[[ Input material open ]]

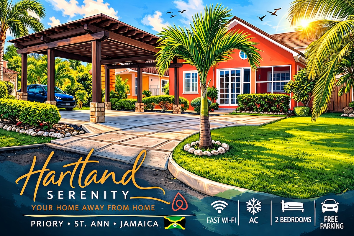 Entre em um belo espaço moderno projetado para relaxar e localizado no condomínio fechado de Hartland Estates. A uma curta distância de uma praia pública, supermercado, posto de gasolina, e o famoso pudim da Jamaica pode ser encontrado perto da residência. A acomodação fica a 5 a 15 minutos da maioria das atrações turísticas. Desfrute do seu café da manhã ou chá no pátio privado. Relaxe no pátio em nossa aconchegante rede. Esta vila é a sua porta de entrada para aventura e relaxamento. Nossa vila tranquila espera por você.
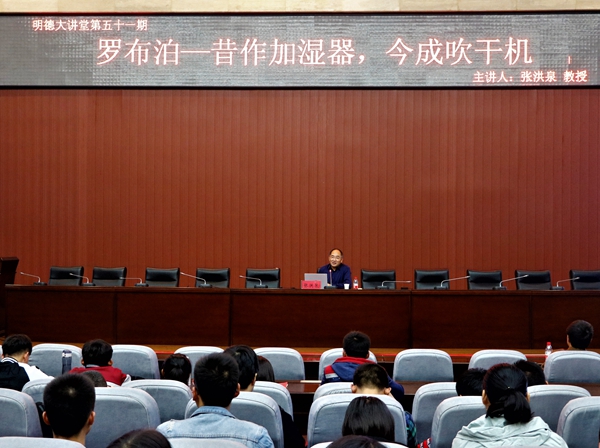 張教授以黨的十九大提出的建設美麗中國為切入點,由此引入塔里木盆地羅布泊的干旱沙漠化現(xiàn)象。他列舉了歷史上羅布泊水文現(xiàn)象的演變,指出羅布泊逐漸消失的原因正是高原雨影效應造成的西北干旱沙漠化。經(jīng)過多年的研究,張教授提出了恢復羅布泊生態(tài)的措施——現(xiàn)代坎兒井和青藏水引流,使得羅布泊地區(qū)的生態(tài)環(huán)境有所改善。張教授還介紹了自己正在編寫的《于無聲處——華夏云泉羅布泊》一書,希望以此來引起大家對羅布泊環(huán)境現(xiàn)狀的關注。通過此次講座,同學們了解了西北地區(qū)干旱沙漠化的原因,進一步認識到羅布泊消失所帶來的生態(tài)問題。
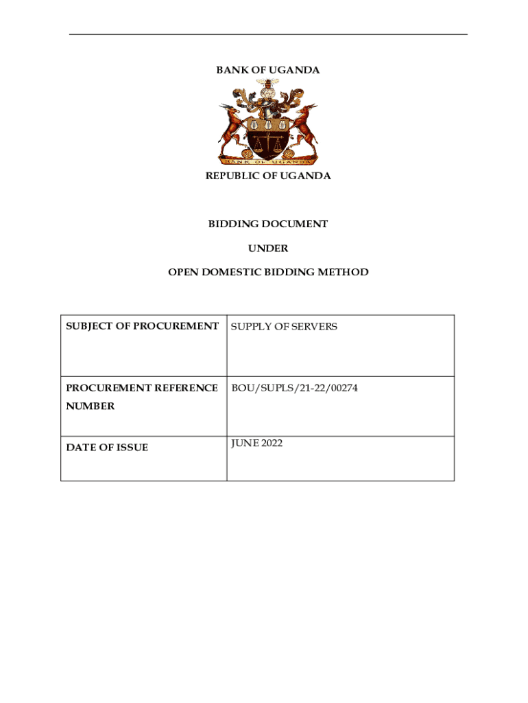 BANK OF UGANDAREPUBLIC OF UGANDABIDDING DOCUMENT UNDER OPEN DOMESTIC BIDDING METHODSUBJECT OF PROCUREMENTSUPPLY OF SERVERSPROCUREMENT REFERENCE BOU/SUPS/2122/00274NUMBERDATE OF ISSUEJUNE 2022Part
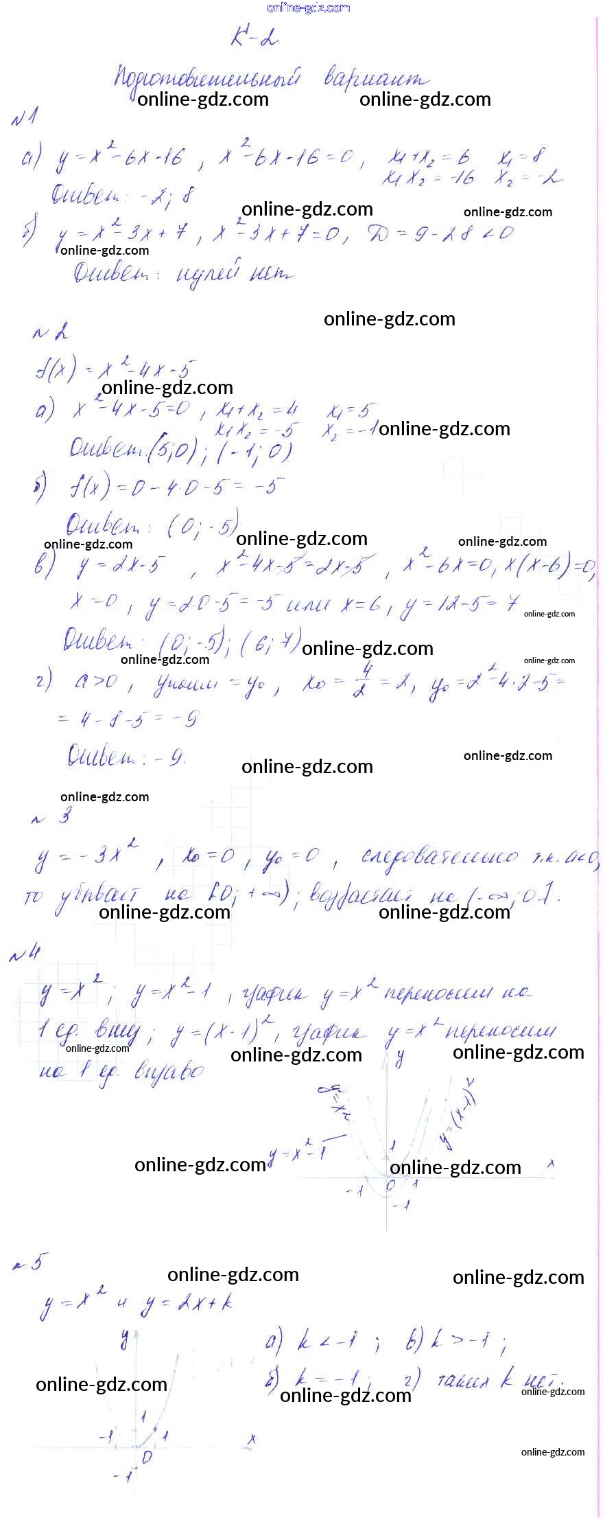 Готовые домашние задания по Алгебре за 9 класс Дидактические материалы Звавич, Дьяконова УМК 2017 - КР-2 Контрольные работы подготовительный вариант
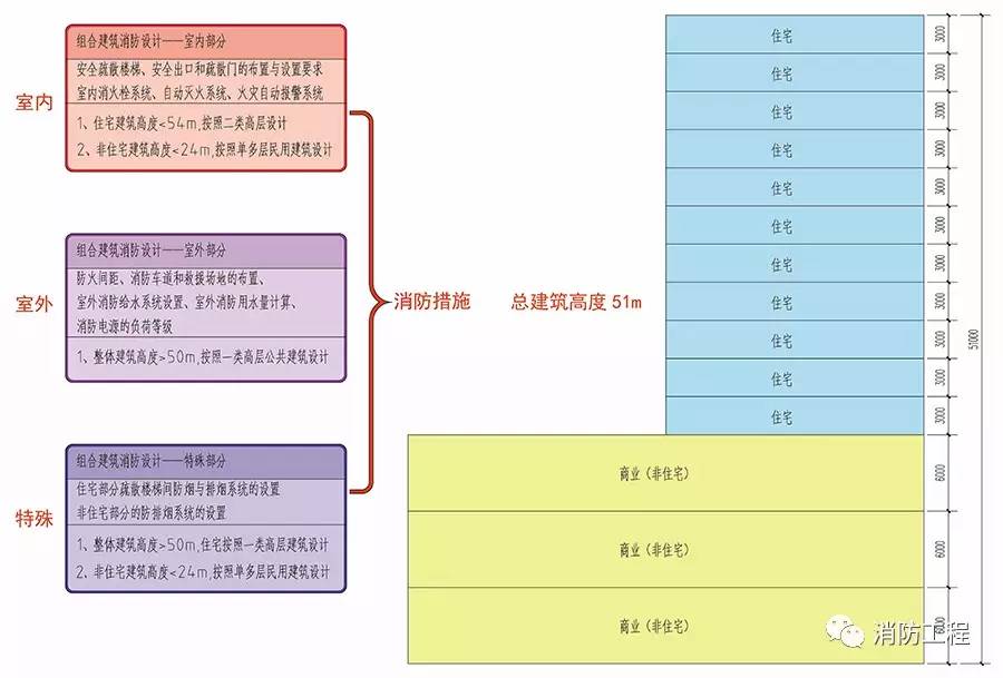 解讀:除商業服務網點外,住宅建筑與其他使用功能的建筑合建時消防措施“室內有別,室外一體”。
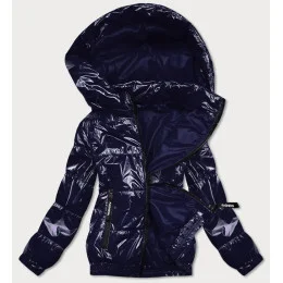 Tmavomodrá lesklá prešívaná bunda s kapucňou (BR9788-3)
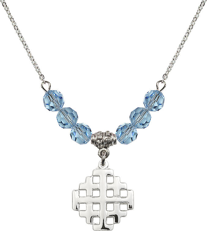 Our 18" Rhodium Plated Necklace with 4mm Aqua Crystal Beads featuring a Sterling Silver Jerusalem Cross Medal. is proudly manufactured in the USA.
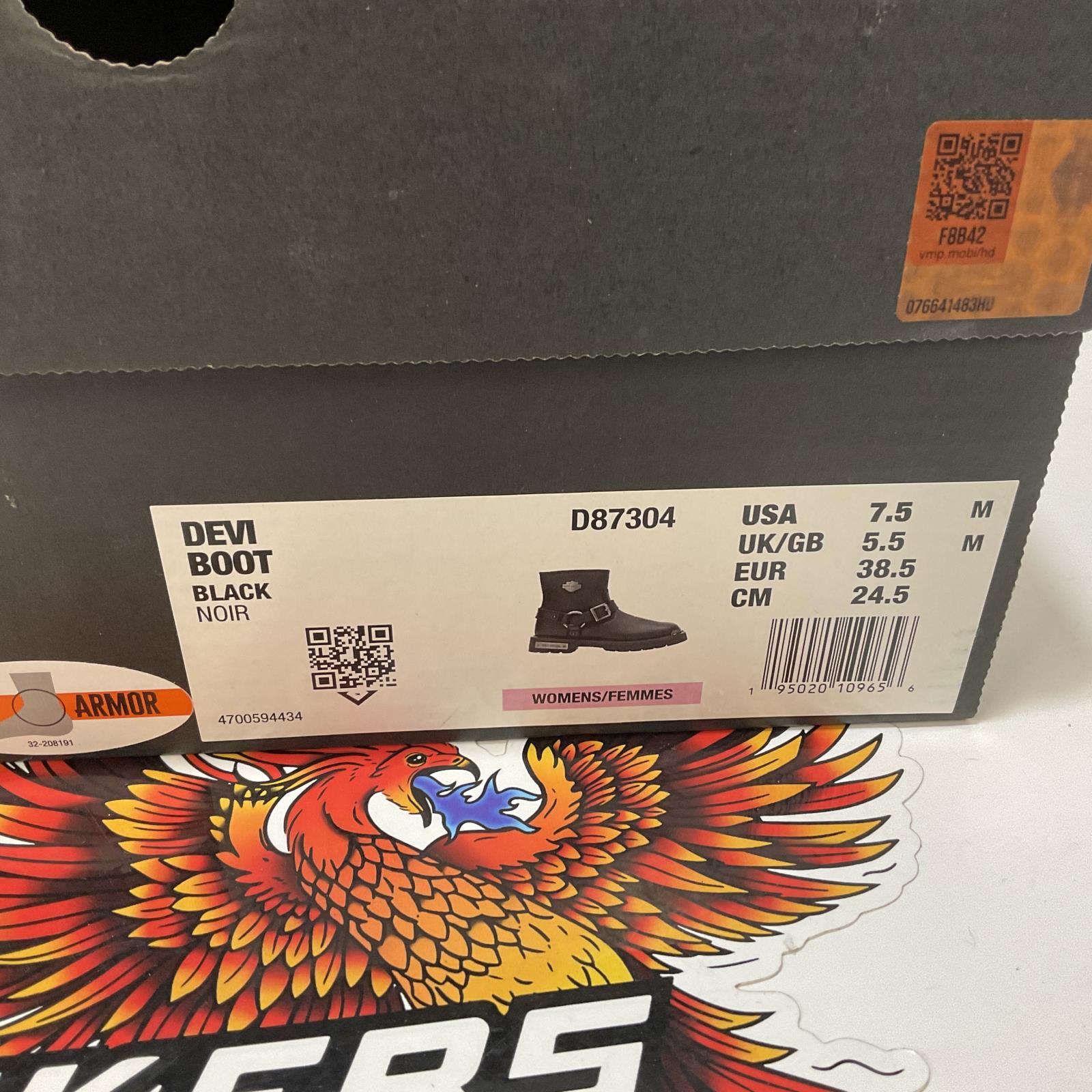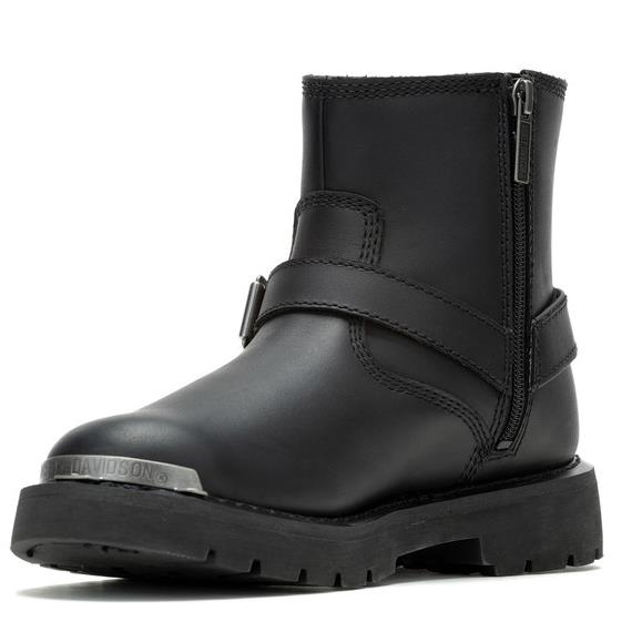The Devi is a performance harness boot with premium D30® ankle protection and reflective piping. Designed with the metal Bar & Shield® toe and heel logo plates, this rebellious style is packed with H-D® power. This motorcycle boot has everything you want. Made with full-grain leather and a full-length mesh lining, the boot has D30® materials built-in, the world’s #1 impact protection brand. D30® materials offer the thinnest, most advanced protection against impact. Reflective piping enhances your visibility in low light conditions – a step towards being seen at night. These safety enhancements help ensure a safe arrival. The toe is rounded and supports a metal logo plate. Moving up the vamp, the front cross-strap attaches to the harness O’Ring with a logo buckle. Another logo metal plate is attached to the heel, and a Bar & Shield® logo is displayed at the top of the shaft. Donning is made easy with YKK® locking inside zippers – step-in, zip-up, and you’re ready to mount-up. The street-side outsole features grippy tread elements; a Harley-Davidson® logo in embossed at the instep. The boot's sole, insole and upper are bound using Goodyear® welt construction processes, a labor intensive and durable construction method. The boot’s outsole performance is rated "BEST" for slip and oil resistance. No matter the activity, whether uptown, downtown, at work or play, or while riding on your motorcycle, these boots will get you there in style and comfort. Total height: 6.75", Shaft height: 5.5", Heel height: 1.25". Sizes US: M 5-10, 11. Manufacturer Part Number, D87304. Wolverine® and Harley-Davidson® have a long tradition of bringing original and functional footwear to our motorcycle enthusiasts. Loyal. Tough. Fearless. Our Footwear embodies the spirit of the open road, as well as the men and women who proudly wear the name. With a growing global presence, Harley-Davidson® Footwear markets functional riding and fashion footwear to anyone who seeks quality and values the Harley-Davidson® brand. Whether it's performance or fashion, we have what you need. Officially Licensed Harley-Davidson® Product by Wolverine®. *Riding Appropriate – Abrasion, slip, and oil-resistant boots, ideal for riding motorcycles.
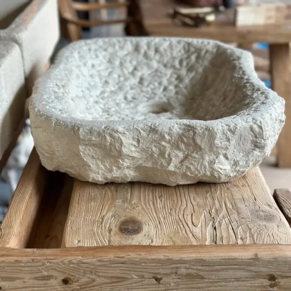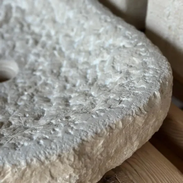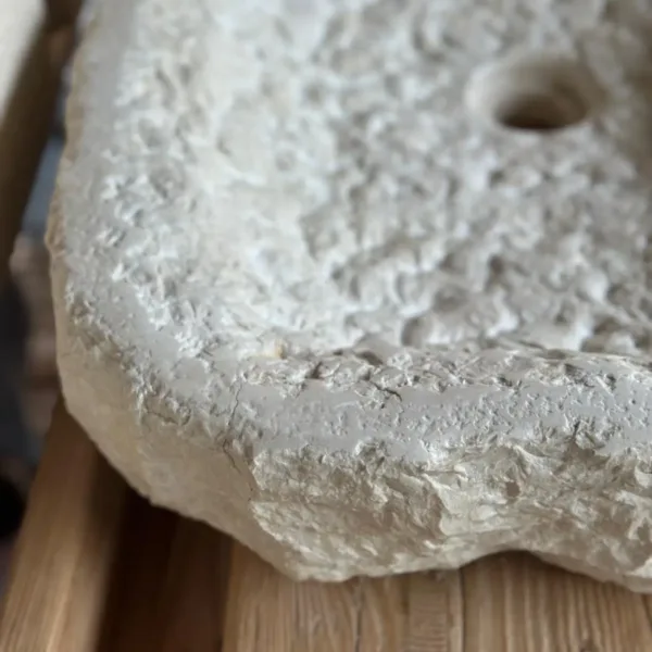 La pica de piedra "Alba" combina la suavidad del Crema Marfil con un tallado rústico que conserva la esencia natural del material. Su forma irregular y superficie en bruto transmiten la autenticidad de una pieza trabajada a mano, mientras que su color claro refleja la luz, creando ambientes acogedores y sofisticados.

[[ Input material closed ]]

• **Problem details**
Your reply should hold nothing but the lines above, from the one containing "Tmavomodrá lesklá prešívaná" to the one containing "in the USA.", reproduced exactly minus the pictures.

• **Answer space**
 Tmavomodrá lesklá prešívaná bunda s kapucňou (BR9788-3)
 Our 18" Rhodium Plated Necklace with 4mm Aqua Crystal Beads featuring a Sterling Silver Jerusalem Cross Medal. is proudly manufactured in the USA.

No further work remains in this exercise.